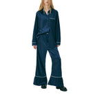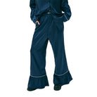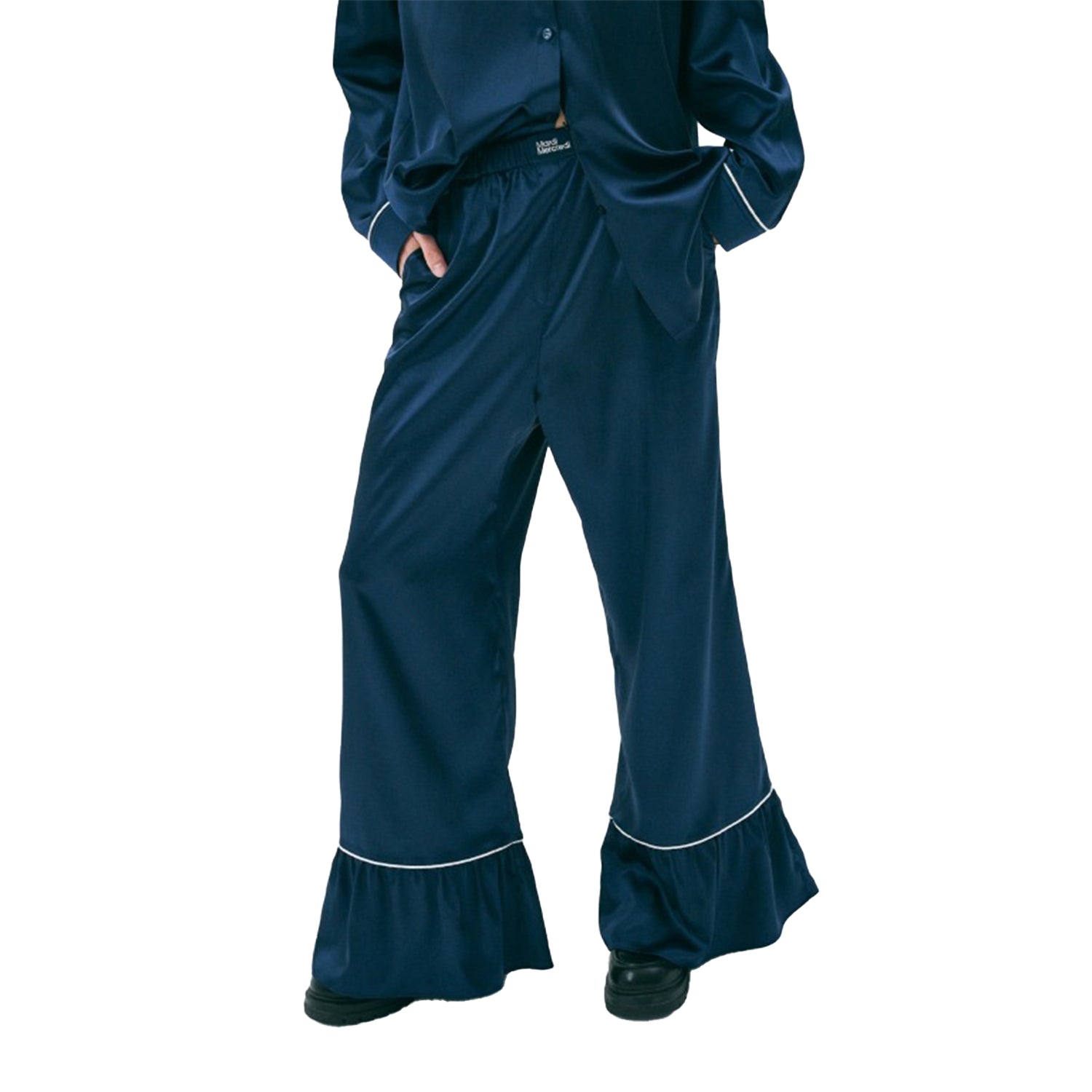 Wide-leg satin trousers with contrast lines along the flared cuffs. Pairs perfectly with the Mardi Mercredi Satin Oversized Shirt.
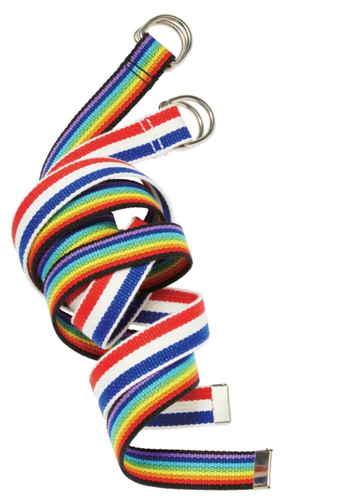 サスペンダーとベルトの専門ファクトリーが自社工場で製造した、派手なデザインと色使いが清々しいガチャベルト。5500円(ハイ!スタンダードTEL03-3464-2109)
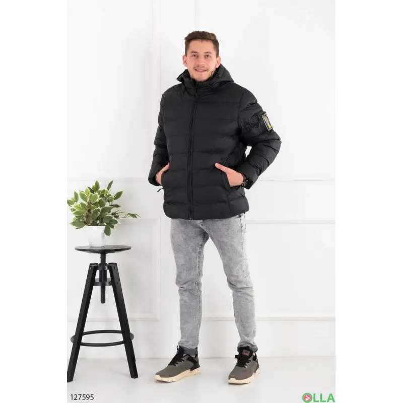 Чоловіча зимова куртка чорна з капюшоном, тепла парка на штучній вовні, коротка 56
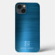 Monogram Elegant Blue Brushed Metal iPhone 13 Fall. Vollständig personalisieren Sie dieses elegante blaue Imitat gebürstete metallische Druck iPhone 13 Gehäuse mit Ihrem Monogramm und Namen.

:::::

● **Action item**
Your copy should start at the line with "サスペンダーとベルトの専門フ", stop at the last line of the listing above, match exactly, and contain no pictures.

● **Exercise solution**
 サスペンダーとベルトの専門ファクトリーが自社工場で製造した、派手なデザインと色使いが清々しいガチャベルト。5500円(ハイ!スタンダードTEL03-3464-2109)
 Чоловіча зимова куртка чорна з капюшоном, тепла парка на штучній вовні, коротка 56
 Monogram Elegant Blue Brushed Metal iPhone 13 Fall. Vollständig personalisieren Sie dieses elegante blaue Imitat gebürstete metallische Druck iPhone 13 Gehäuse mit Ihrem Monogramm und Namen.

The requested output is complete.